### What is being asked
Exactly as they appear below, repeat the lines from the one with "The ring shown" through the one with "Bílá vliesová tapeta", and no others.

### Records for this exercise
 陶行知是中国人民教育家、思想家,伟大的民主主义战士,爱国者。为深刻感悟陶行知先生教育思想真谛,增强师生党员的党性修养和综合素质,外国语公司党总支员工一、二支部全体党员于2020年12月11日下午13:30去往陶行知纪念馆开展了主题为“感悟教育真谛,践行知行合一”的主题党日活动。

--

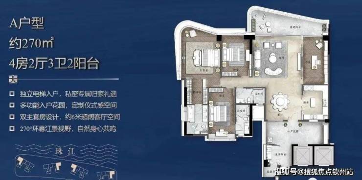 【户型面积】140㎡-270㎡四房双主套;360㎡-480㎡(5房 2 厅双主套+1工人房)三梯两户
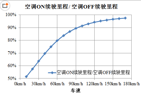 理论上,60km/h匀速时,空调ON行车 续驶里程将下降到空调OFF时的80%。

==

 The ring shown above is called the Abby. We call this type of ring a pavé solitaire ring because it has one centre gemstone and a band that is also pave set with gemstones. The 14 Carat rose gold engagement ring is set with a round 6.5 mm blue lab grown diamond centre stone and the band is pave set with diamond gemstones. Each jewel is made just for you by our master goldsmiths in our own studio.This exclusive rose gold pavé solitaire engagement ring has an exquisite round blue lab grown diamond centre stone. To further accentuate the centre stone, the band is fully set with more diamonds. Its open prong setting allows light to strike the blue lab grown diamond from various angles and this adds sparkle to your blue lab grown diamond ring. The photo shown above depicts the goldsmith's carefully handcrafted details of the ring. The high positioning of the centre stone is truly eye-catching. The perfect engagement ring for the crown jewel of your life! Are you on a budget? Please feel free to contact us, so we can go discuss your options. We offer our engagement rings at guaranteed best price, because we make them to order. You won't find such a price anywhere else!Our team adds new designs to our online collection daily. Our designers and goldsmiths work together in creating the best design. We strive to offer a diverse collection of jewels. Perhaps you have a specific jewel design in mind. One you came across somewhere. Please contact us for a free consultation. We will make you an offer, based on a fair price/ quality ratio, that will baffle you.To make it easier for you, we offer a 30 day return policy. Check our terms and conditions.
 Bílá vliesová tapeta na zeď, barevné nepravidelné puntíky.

### Result of the task
 The ring shown above is called the Abby. We call this type of ring a pavé solitaire ring because it has one centre gemstone and a band that is also pave set with gemstones. The 14 Carat rose gold engagement ring is set with a round 6.5 mm blue lab grown diamond centre stone and the band is pave set with diamond gemstones. Each jewel is made just for you by our master goldsmiths in our own studio.This exclusive rose gold pavé solitaire engagement ring has an exquisite round blue lab grown diamond centre stone. To further accentuate the centre stone, the band is fully set with more diamonds. Its open prong setting allows light to strike the blue lab grown diamond from various angles and this adds sparkle to your blue lab grown diamond ring. The photo shown above depicts the goldsmith's carefully handcrafted details of the ring. The high positioning of the centre stone is truly eye-catching. The perfect engagement ring for the crown jewel of your life! Are you on a budget? Please feel free to contact us, so we can go discuss your options. We offer our engagement rings at guaranteed best price, because we make them to order. You won't find such a price anywhere else!Our team adds new designs to our online collection daily. Our designers and goldsmiths work together in creating the best design. We strive to offer a diverse collection of jewels. Perhaps you have a specific jewel design in mind. One you came across somewhere. Please contact us for a free consultation. We will make you an offer, based on a fair price/ quality ratio, that will baffle you.To make it easier for you, we offer a 30 day return policy. Check our terms and conditions.
 Bílá vliesová tapeta na zeď, barevné nepravidelné puntíky.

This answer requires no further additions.